* **WORK TO COMPLETE**: Without copying any picture, return all lines below exactly.

INFORMATION SHOWN Start Marker

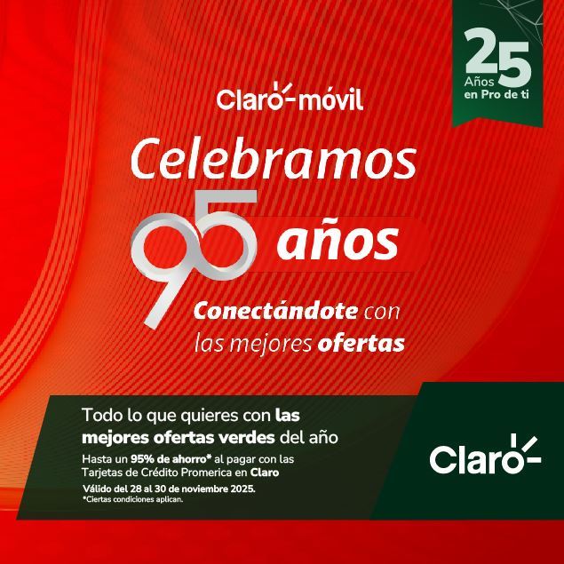 *Consumo mínimo de RD$5,000 y tope máximo de devolución de RD$6,000 por cliente. La devolución será realizada a los 30 días de finalizada la promoción. No aplican las Tarjetas de Crédito Empresariales. *Promoción aplica para equipos móviles, dispositivos loT, Tablets, Laptops, Televisores, Repetidores y Videojuegos disponibles en los Centros de Atención a Clientes, Tiendas en Línea y Centros de Ventas Claro seleccionados.
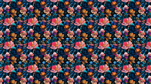 WonderMuralUnsere schöne Tapete zeigt ein raffiniertes Blumenmuster mit rosa, orangefarbenen und lila Blumen, die gegen einen dunklen Hintergrund blühen. Jede...
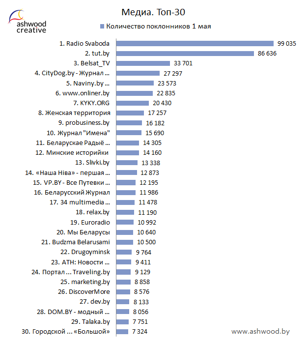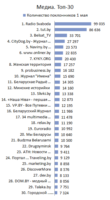 Топ-30 Медиа по количеству поклонников не претерпел значительных изменений. Как и прежде два лидера «Radio Svaboda» и «tut.by» возглавляют рейтинг Медиа с большим отрывом от остальных страниц.
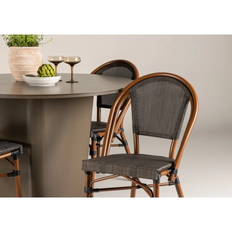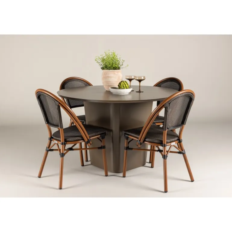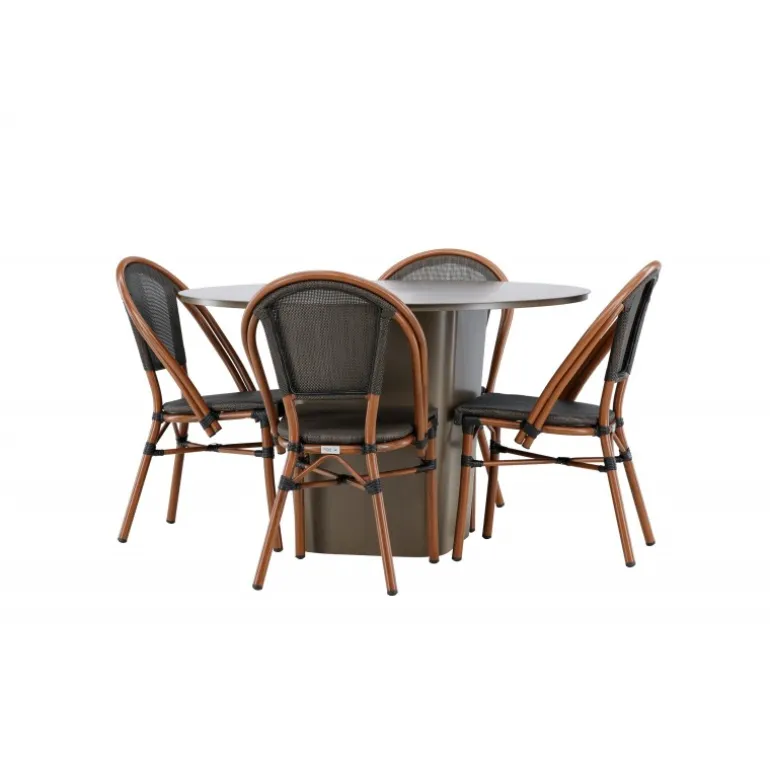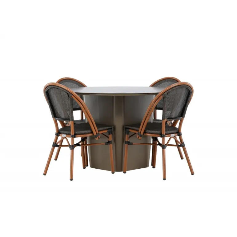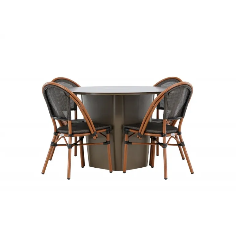 Oplev den perfekte spiseplads til samvær med venner og familie med vores nye Loungesæt – Havemøbelsæt – Guarda og Santa Fe. Med en jordnær atmosfære og et iøjnefaldende design, hæver dette ensemble dit udendørsmiljø til nye højder. Guarda-stolene er fremstillet med fokus på både stil og komfort. Deres sorte sæder i teslin-materiale kombinerer elegance med komfort, mens den brune aluminiumsramme giver stabilitet og et naturligt udseende. Disse stole er designet til at være både komfortable og trendy, perfekte til lange udendørs sammenkomster. Santa Fe-bordet er midtpunktet i dette Loungesæt – Havemøbelsæt med en generøs diameter på 120 cm. Bordet er lavet af brunt aluminiumsmateriale, hvilket giver et slankt og moderne design, der passer perfekt til nutidens udendørsmiljøer. Dette Loungesæt – Havemøbelsæt er ideelt til udendørs brug og skaber en atmosfære af kammeratskab og venskab med sit jordnære design. Med fire inkluderede stole er dette sæt komplet til at skabe mindeværdige øjeblikke og nyde afslappede udendørs måltider.

INFORMATION SHOWN End Marker

* **EXERCISE ANSWER**:
 *Consumo mínimo de RD$5,000 y tope máximo de devolución de RD$6,000 por cliente. La devolución será realizada a los 30 días de finalizada la promoción. No aplican las Tarjetas de Crédito Empresariales. *Promoción aplica para equipos móviles, dispositivos loT, Tablets, Laptops, Televisores, Repetidores y Videojuegos disponibles en los Centros de Atención a Clientes, Tiendas en Línea y Centros de Ventas Claro seleccionados.
 WonderMuralUnsere schöne Tapete zeigt ein raffiniertes Blumenmuster mit rosa, orangefarbenen und lila Blumen, die gegen einen dunklen Hintergrund blühen. Jede...
 Топ-30 Медиа по количеству поклонников не претерпел значительных изменений. Как и прежде два лидера «Radio Svaboda» и «tut.by» возглавляют рейтинг Медиа с большим отрывом от остальных страниц.
 Oplev den perfekte spiseplads til samvær med venner og familie med vores nye Loungesæt – Havemøbelsæt – Guarda og Santa Fe. Med en jordnær atmosfære og et iøjnefaldende design, hæver dette ensemble dit udendørsmiljø til nye højder. Guarda-stolene er fremstillet med fokus på både stil og komfort. Deres sorte sæder i teslin-materiale kombinerer elegance med komfort, mens den brune aluminiumsramme giver stabilitet og et naturligt udseende. Disse stole er designet til at være både komfortable og trendy, perfekte til lange udendørs sammenkomster. Santa Fe-bordet er midtpunktet i dette Loungesæt – Havemøbelsæt med en generøs diameter på 120 cm. Bordet er lavet af brunt aluminiumsmateriale, hvilket giver et slankt og moderne design, der passer perfekt til nutidens udendørsmiljøer. Dette Loungesæt – Havemøbelsæt er ideelt til udendørs brug og skaber en atmosfære af kammeratskab og venskab med sit jordnære design. Med fire inkluderede stole er dette sæt komplet til at skabe mindeværdige øjeblikke og nyde afslappede udendørs måltider.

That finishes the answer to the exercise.